After renaming debacle, SFUSD says
acronyms are a sign of 'white supremacy culture'

Now I'm not afraid to tell you that acronyms can be a problem. For years I taught a class on writing in which one section was devoted to Acronyms. In that class I showed how every industry has its own set of acronyms. Since the goal of communication is to communicate, we should not use acronyms without explaining them. API means American Petroleum Institute in the auto industry, for example. 

I do know how demeaning it can sometimes feel when people use unfamiliar acronyms and you don't know what they mean but are afraid to show your ignorance. I get it. But to call it white supremacy seems a bit of a stretch. Is LGBTQ a white supremacist power play? I don't think so. 

The SFGate article begins with the re-naming of schools that has been taking place. Then it slides over to the issue of acronyms. 

Some in the district have now taken the confounding stance that acronyms are a symptom of "white supremacy culture" and are working to remove them from buildings.

Evidently the arts department, which has formerly been VAPA (Visual And Performing Arts) is now going to be the SFUSD Arts Department. Go figure.
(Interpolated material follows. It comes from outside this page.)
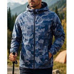 男性用 アウトドアジャケット ハイキング ジャケット レインコート アウトドア 防水 高通気性 速乾性 ライトウェイト ハイキングの服装 ハイキングウェア 春 秋 ジャケット テニス ゴルフ ランニング カモフラージュ ダークブルー
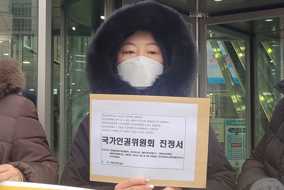 23일 국가인권위원회 앞에서 개최된 ‘장애인 등 특별한 교육지원이 필요한 아동과 청소년 교육권 차별 집단 진정’ 기자회견에서 진정서를 들고 있는 학부모 . ©에이블뉴스

In a Newsweek story about the acronym issue, Dem congressman Ted Lieu took to Twitter to say "This is stupid. Acronyms are not a symptom of white supremacy culture. They are shorthand to make communicating more efficient. For example, CAPAC stands for Congressional Asian Pacific American Caucus. Much easier to say CAPAC. Or ACLU. Or NAACP. Or NASA."

Exactly. 

You can read the full SFGate story here:
https://www.sfgate.com/local/article/school-renaming-SFUSD-acronyms-racist-15919053.php


4 comments:

Anonymous said...

here is link to the actual rationales and name changes proposed
School Names Research- For School Names Advisory Committee : Sheet1
https://docs.google.com/spreadsheets/d/16cre1vbJzE44JWmto_Ll7J06q9ZblQoBC-Eas3Qwf2c/htmlview?pru=AAABd3TR6pU*LgIUXMdAbDgbZIrf3VIwaA#gid=0

LEWagner said...

Much ado about nothing = deliberate distraction from the real issues.

LEWagner said...

Much ado about nothing = deliberate distraction from the real issues.

Anonymous said...

Good article in Reason magazine about this whole issue. I especially like the opening quote from Mark Twain.